Enzo Scorza (born 1 March 1988) is a Uruguayan footballer who currently plays as an attacking midfielder or forward for Iraklis in the Greek Football League.

Club career
He made his youth career on Danubio, where he also played in the first team from 2006 to 2008. In January 2009 he moved from Danubio to Central Español along with Gerardo Vonder Putten.

In October 2009 he moved to Italy to join Brindisi, where he played until the end of the season.

In July 2010, he signed with Seregno, which plays in Italian Serie D.

On 17 July 2012, he signed a new deal with Peruvian side Cienciano.

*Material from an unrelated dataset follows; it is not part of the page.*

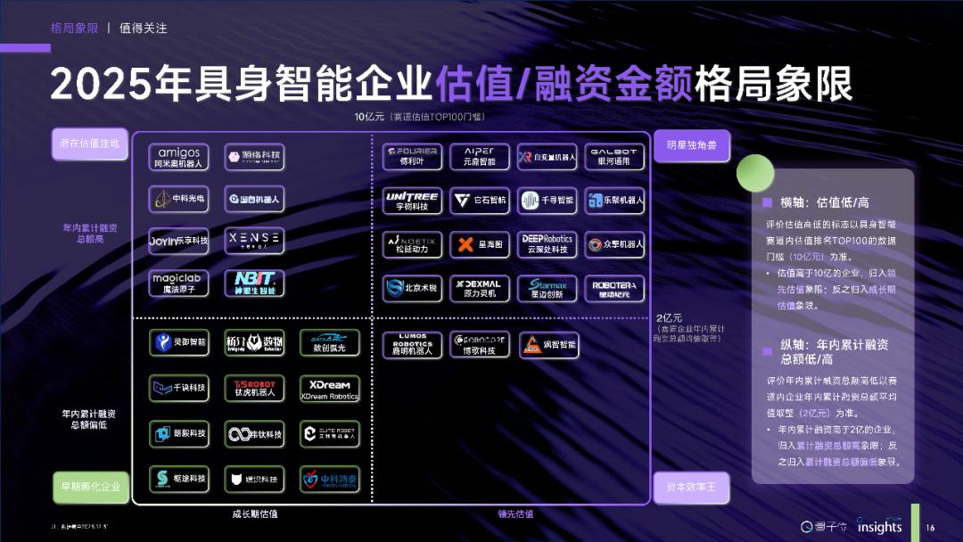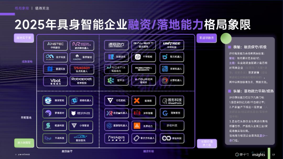 量子位智库分别基于估值/融资金额维度、融资能力/落地能力维度,划分具身智能行业格局象限。

On 4 February 2014 he signed for Greek Football League club Iraklis.

International career
Scorza was part of the Uruguay U-17 squad that participated in the 2005 South American Under-17 Football Championship where his country finish runner-up and as a result, qualified to the 2005 FIFA U-17 World Championship in Peru.

He was also part of the Uruguay U-20 squad that participated in the 2007 South American Youth Championship, but he was not called to the Youth World Cup.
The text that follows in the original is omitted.